The BACE dataset contains the SMILES representation of compounds and their corresponding pIC50 values. The data format is as follows:

mol,pIC50
CC(C)(C)C(=O)N1CCN(CC1)C2CCCCC2,7.25
CC(C)(C)C(=O)N1CCN(CC1)C2CCCCC2,6.93
...

Here, the mol column represents the SMILES of the compound, and pIC50 is the target variable, representing the compound’s binding affinity to BACE-1.

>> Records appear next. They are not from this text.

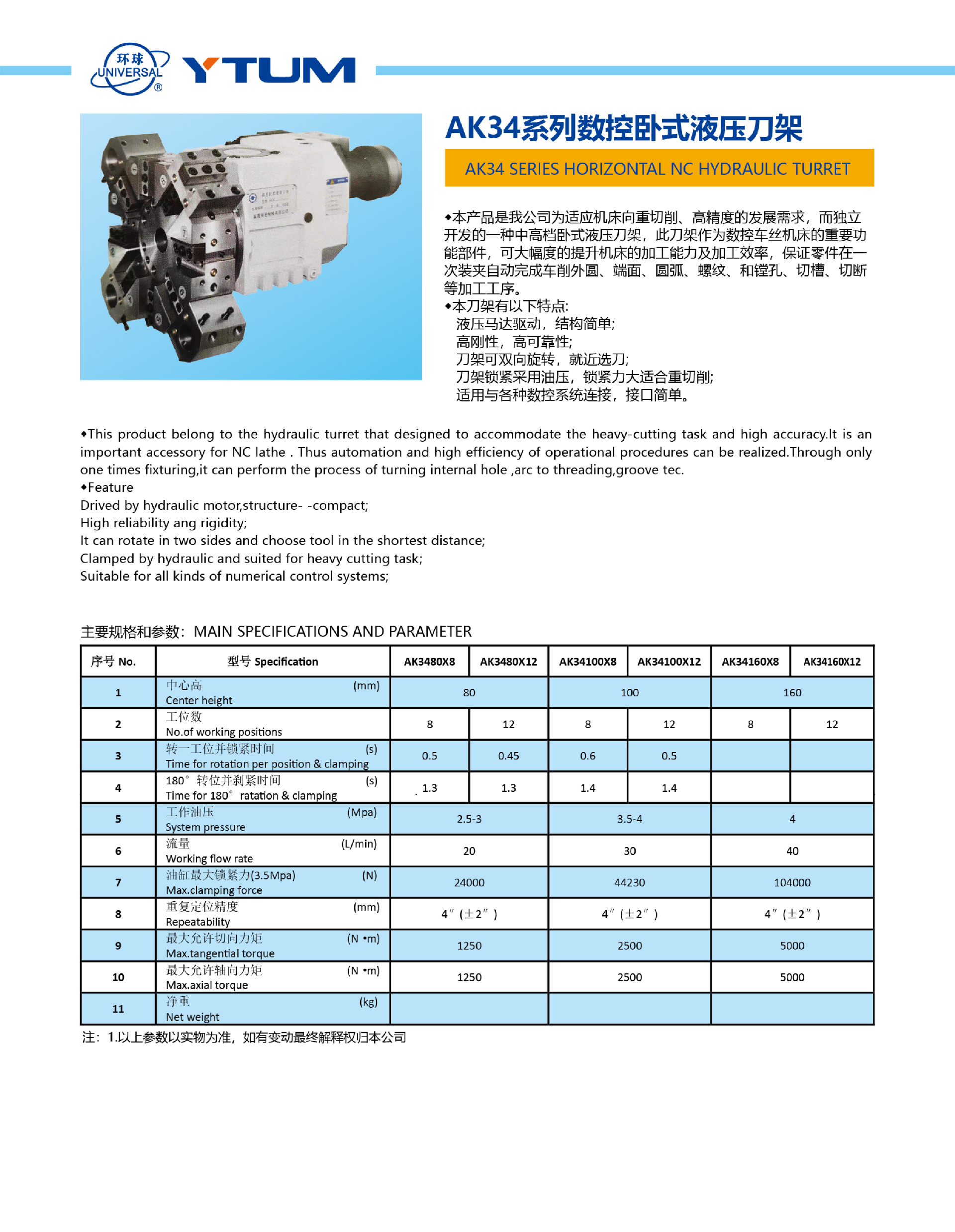 AK34係列數控臥式液壓刀架
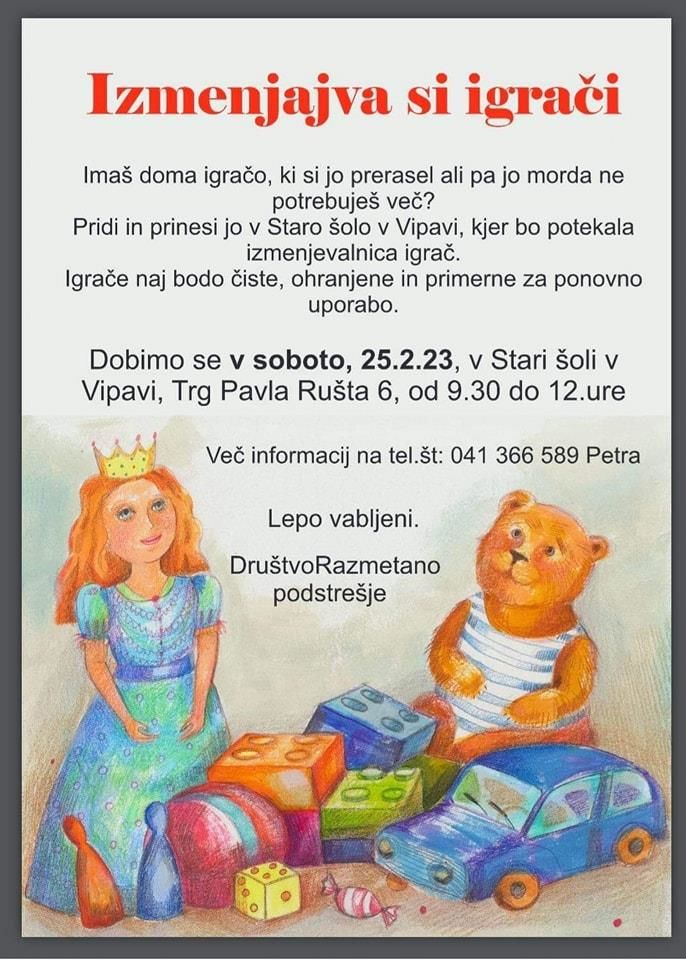 Pridi in prinesi jo v Staro šolo v Vipavi, kjer bo potekala izmenjavalica igrač.
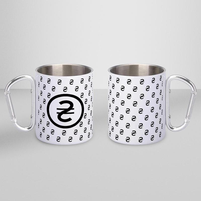 Чашка металлическая с принтом "горьня" 300 мл с карабином, белая
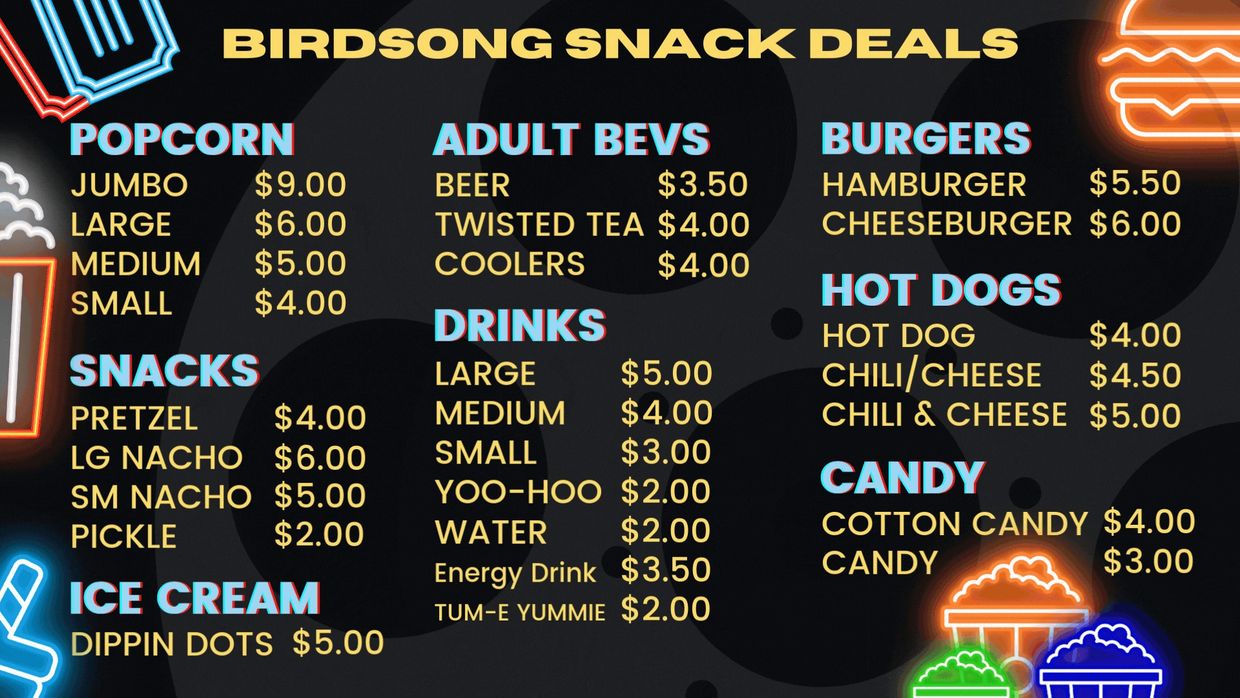 Info Line AI (731)584-8787 Email birdsongdrivein@gmail.com

Training the Regression Model

PyaiVS provides a simple interface for training regression models. Below is an example of how to train a model to predict pIC50 values:

from script import model_bulid

# Step 1: Train the model and optimize hyperparameters
best_settings = model_bulid.running(
    './dataset/bace_reg.csv',       # Path to the input data
    out_dir='./dataset/bace_reg/out_file',            # Output directory to save trained models
    split=["random"],               # Data splitting method (here we use random)
    model=["SVM"],                  # Models to use (supports SVM, XGBoost, Random Forest, etc.)
    FP=["MACCS"],                   # Molecular fingerprints (here we use MACCS)
    key="rmse",                     # Evaluation metric (here we use RMSE)
    task_type="reg",                # Specify as a regression task
    cpus=4                          # Number of CPUs to use
)

In this code, we specify that we want to train an SVM model using MACCS molecular fingerprints and evaluate using RMSE (Root Mean Squared Error). The data is split randomly using the random method, but other options like scaffold or cluster can also be used.

Activity Prediction

Once the model is trained and evaluated, you can use the trained model to screen a set of compounds and predict their pIC50 values. Below is an example of how to screen compounds:

from script import virtual_screen

# Step 2: Activity Prediction with the Best Model
virtual_screen.model_screen(
    best_settings=best_settings,                     # Pass the trained model configuration
    screen_file="./database/compounds_to_screen.csv",   # Path to the compound library to be screened
    smiles_col="smiles",                             # SMILES column name
    output_file="./dataset/bace_reg/result/result_svm_maccs_random_rmse_reg.csv",  # Output file name
    task_type="reg"                                  # Specify as a regression task
)

Output Results

After activity prediction is completed, PyaiVS will generate a CSV file containing the predicted pIC50 values for each compound. The output file will contain the SMILES string of each compound along with its corresponding predicted pIC50 value. For example:

smiles,predict_value
CC(C)(C)C(=O)N1CCN(CC1)C2CCCCC2,7.22
CC(C)(C)C(=O)N1CCN(CC1)C2CCCCC2,6.95
...

Congratulations! You have now successfully completed your regression task using PyaiVS, predicting activity values for your compounds.